**Task requirements:**
Copy nothing but the lines below running from the line containing "Sree Narayana Institute" through the line containing "past inspires and", both end lines included.

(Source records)
****
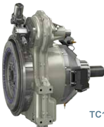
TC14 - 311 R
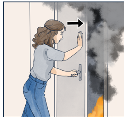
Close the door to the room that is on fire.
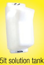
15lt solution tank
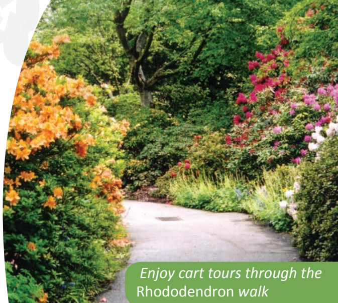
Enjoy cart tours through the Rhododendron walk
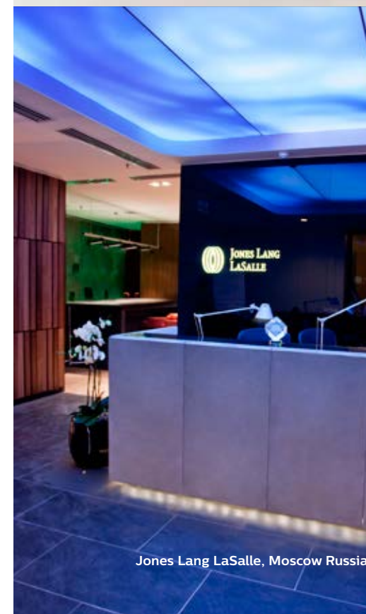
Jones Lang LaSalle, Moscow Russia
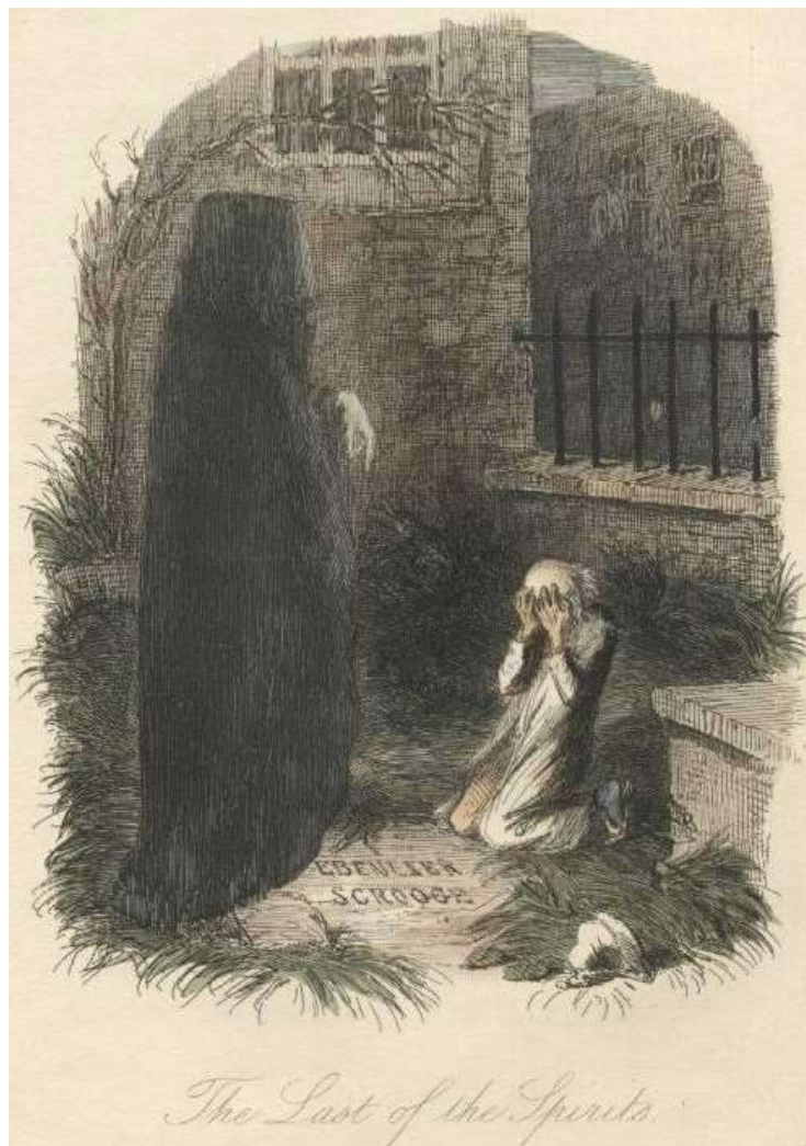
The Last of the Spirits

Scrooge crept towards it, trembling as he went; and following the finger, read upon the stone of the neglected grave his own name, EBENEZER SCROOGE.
****
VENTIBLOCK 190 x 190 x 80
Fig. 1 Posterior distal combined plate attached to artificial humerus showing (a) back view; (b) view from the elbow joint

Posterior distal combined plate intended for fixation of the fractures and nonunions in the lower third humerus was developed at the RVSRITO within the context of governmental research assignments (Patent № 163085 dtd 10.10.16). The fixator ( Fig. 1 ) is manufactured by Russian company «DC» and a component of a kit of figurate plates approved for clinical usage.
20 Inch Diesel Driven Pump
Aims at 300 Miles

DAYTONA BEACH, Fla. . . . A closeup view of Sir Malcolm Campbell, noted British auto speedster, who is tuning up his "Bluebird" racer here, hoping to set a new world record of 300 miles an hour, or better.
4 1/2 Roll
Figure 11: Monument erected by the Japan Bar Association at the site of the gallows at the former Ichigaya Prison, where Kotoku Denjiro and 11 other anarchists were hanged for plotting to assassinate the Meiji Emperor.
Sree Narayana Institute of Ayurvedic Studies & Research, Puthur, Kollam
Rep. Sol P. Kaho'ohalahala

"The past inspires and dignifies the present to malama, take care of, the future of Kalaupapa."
****
**Solution to this problem:**
Sree Narayana Institute of Ayurvedic Studies & Research, Puthur, Kollam
Rep. Sol P. Kaho'ohalahala

"The past inspires and dignifies the present to malama, take care of, the future of Kalaupapa."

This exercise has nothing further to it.